====== Data shown

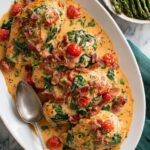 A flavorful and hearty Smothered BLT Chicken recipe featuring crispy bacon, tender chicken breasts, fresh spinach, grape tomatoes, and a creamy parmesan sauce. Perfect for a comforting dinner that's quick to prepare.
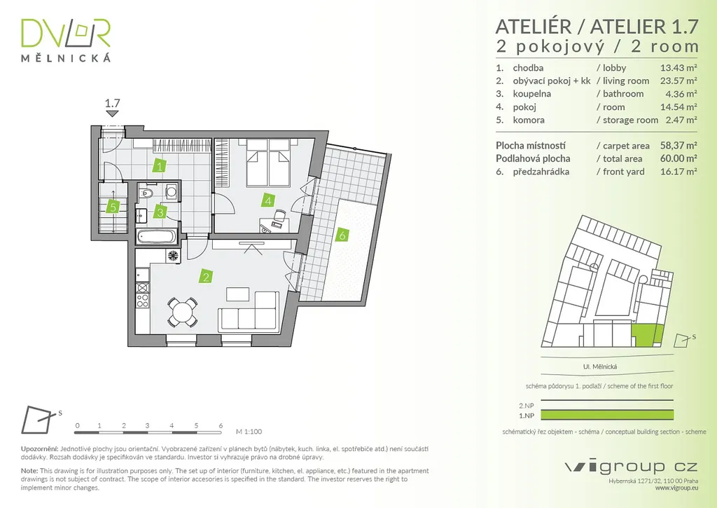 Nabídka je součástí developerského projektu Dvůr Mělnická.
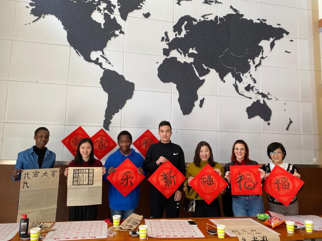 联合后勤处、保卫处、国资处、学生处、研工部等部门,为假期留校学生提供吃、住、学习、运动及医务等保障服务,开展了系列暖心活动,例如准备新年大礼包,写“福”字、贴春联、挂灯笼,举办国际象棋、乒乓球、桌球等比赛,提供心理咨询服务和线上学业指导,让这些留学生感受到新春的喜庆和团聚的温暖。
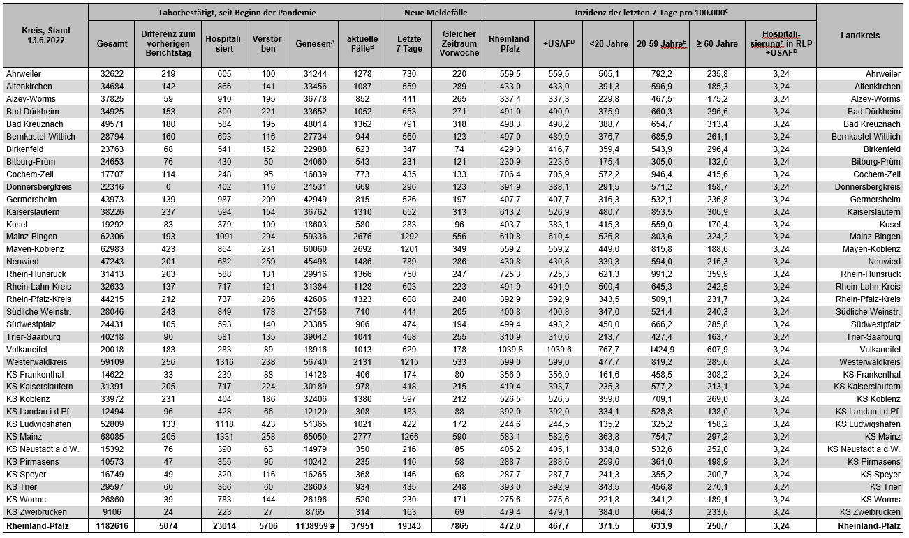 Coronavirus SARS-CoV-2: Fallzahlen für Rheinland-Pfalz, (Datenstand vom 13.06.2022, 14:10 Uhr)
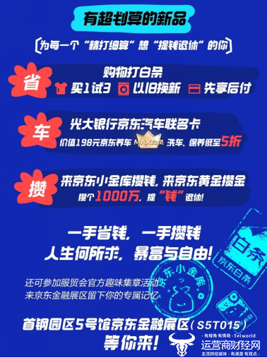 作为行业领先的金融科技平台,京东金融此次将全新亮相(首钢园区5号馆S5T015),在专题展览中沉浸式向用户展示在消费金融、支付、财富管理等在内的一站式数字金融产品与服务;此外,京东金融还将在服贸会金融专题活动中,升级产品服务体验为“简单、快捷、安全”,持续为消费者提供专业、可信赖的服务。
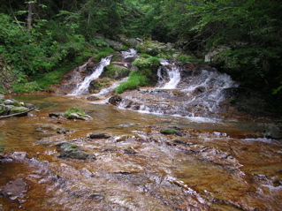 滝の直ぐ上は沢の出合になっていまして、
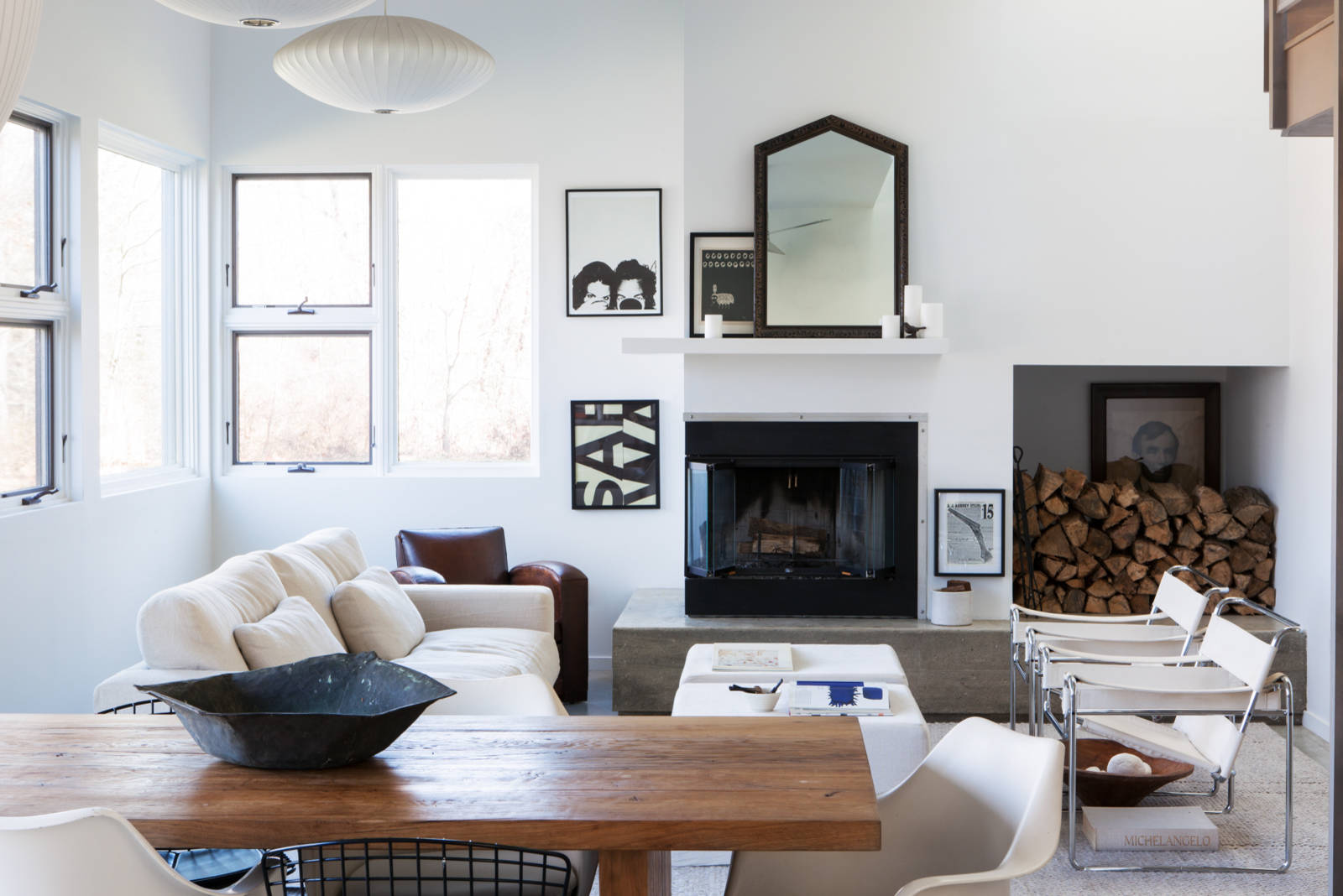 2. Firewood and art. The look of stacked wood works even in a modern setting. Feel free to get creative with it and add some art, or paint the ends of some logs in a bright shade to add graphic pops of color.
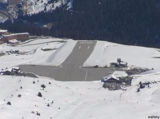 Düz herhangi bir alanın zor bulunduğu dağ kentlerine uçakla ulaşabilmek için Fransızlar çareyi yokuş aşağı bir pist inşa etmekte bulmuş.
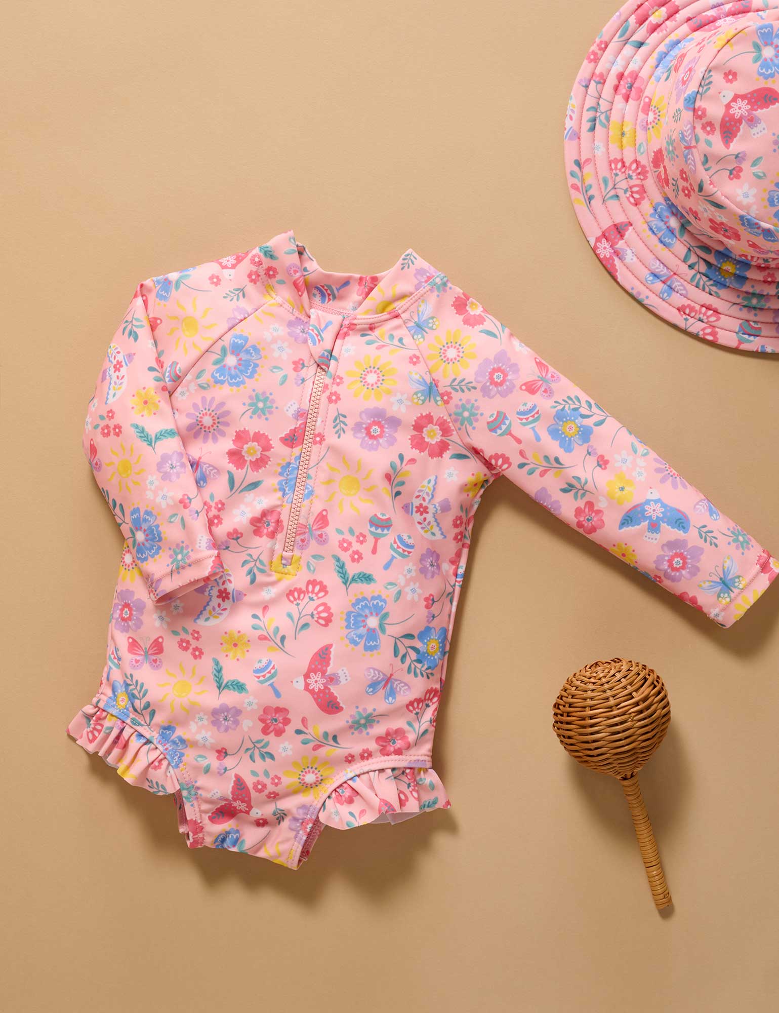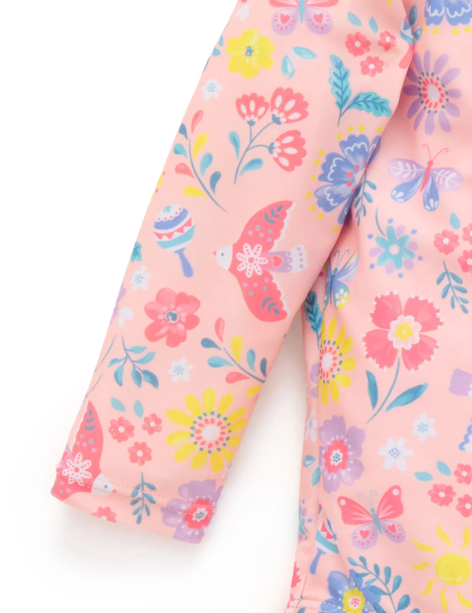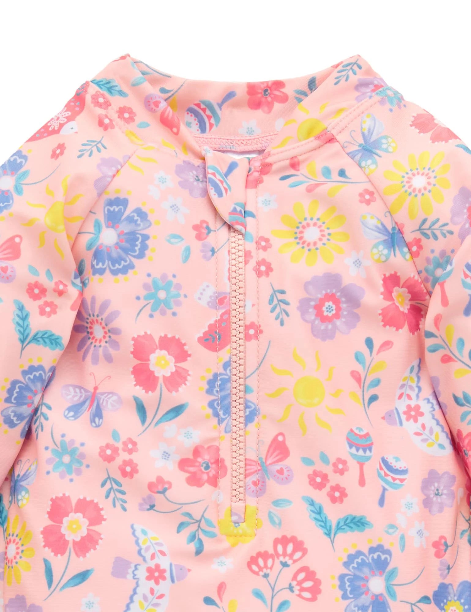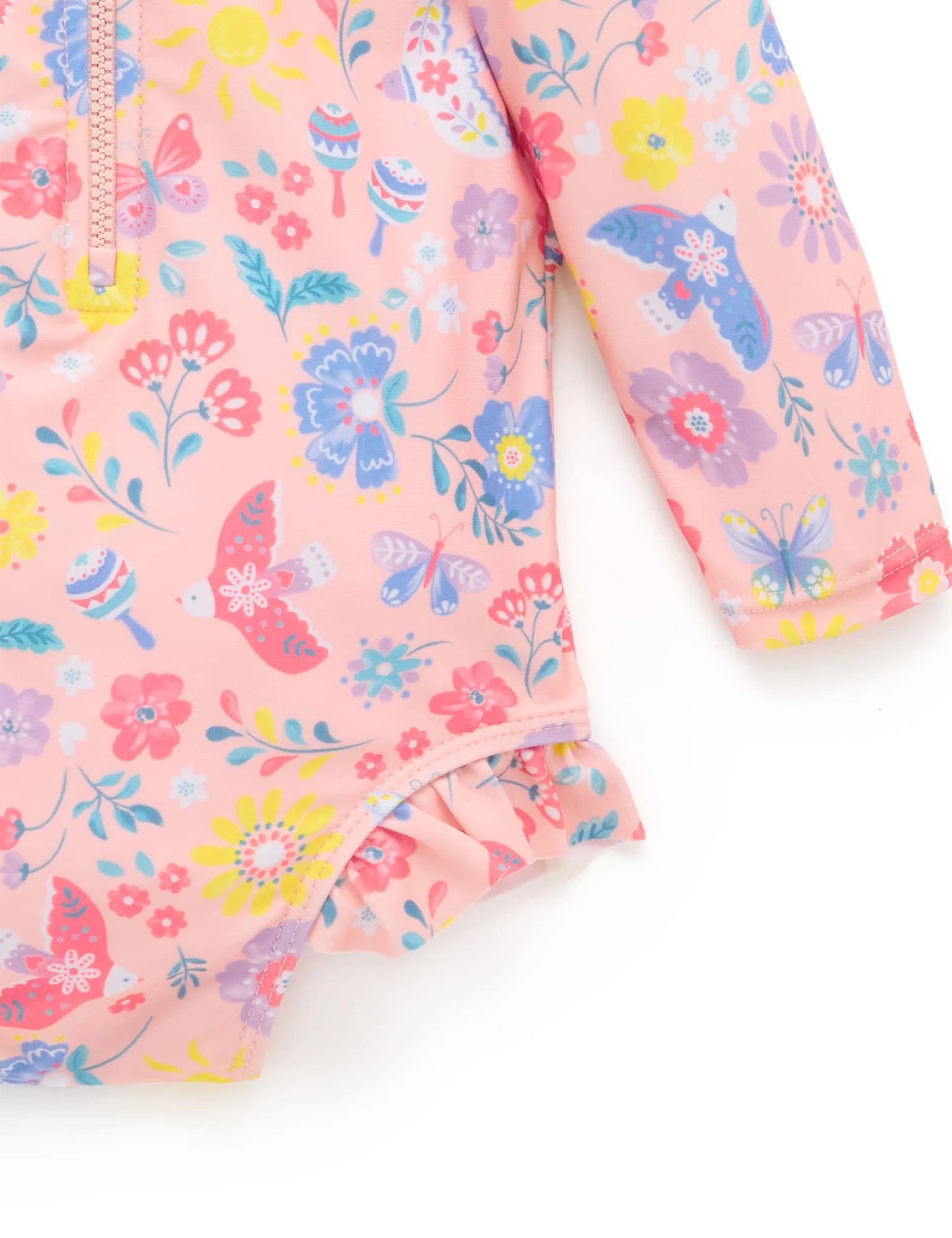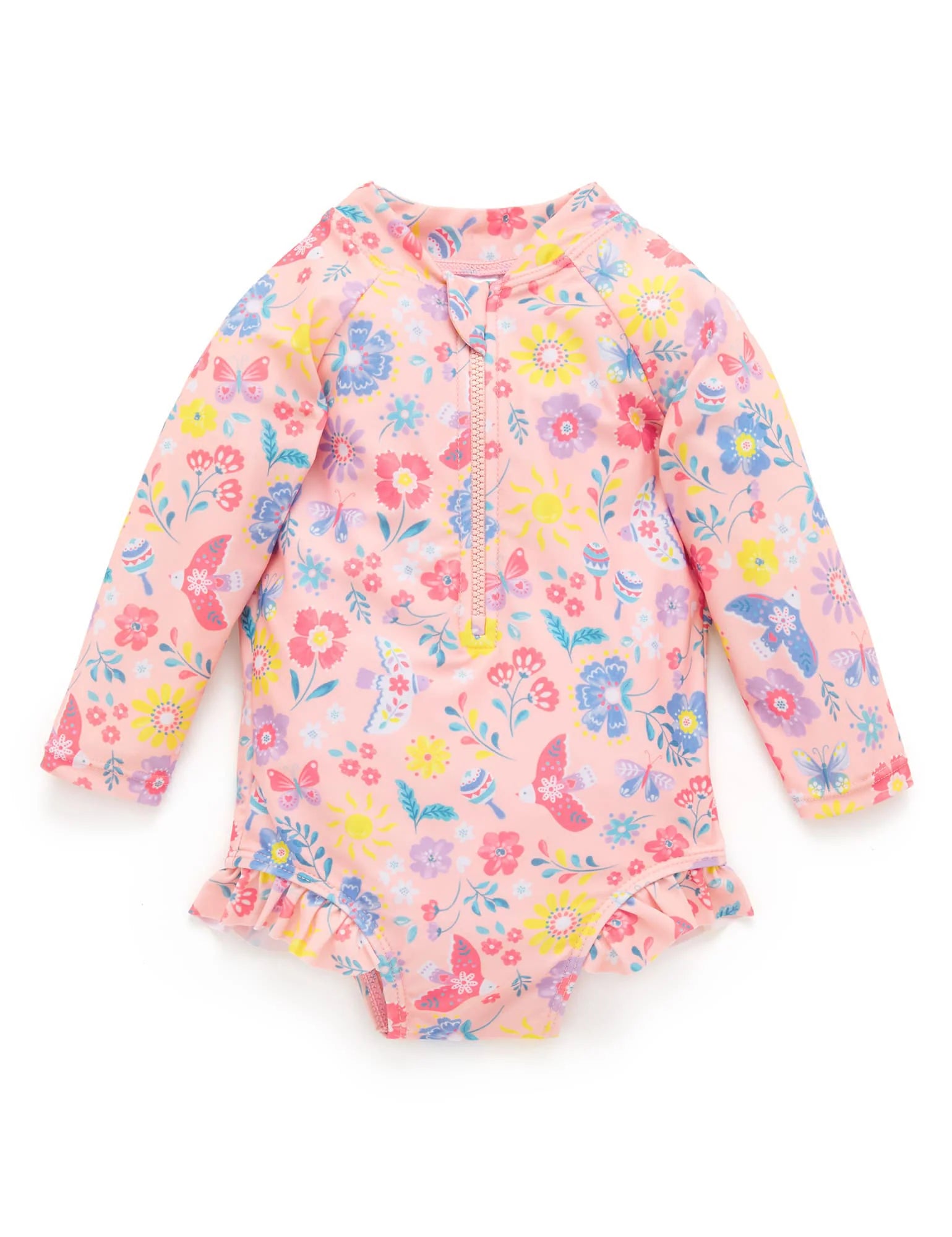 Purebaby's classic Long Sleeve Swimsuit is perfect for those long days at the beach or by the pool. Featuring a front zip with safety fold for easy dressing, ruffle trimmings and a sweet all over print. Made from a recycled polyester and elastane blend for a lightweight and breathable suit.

============

▶ _Aim of the exercise_: Quote every entry exactly, with the pictures omitted.

▶ _Response to the exercise_:
 A flavorful and hearty Smothered BLT Chicken recipe featuring crispy bacon, tender chicken breasts, fresh spinach, grape tomatoes, and a creamy parmesan sauce. Perfect for a comforting dinner that's quick to prepare.
 Nabídka je součástí developerského projektu Dvůr Mělnická.
 联合后勤处、保卫处、国资处、学生处、研工部等部门,为假期留校学生提供吃、住、学习、运动及医务等保障服务,开展了系列暖心活动,例如准备新年大礼包,写“福”字、贴春联、挂灯笼,举办国际象棋、乒乓球、桌球等比赛,提供心理咨询服务和线上学业指导,让这些留学生感受到新春的喜庆和团聚的温暖。
 Coronavirus SARS-CoV-2: Fallzahlen für Rheinland-Pfalz, (Datenstand vom 13.06.2022, 14:10 Uhr)
 作为行业领先的金融科技平台,京东金融此次将全新亮相(首钢园区5号馆S5T015),在专题展览中沉浸式向用户展示在消费金融、支付、财富管理等在内的一站式数字金融产品与服务;此外,京东金融还将在服贸会金融专题活动中,升级产品服务体验为“简单、快捷、安全”,持续为消费者提供专业、可信赖的服务。
 滝の直ぐ上は沢の出合になっていまして、
 2. Firewood and art. The look of stacked wood works even in a modern setting. Feel free to get creative with it and add some art, or paint the ends of some logs in a bright shade to add graphic pops of color.
 Düz herhangi bir alanın zor bulunduğu dağ kentlerine uçakla ulaşabilmek için Fransızlar çareyi yokuş aşağı bir pist inşa etmekte bulmuş.
 Purebaby's classic Long Sleeve Swimsuit is perfect for those long days at the beach or by the pool. Featuring a front zip with safety fold for easy dressing, ruffle trimmings and a sweet all over print. Made from a recycled polyester and elastane blend for a lightweight and breathable suit.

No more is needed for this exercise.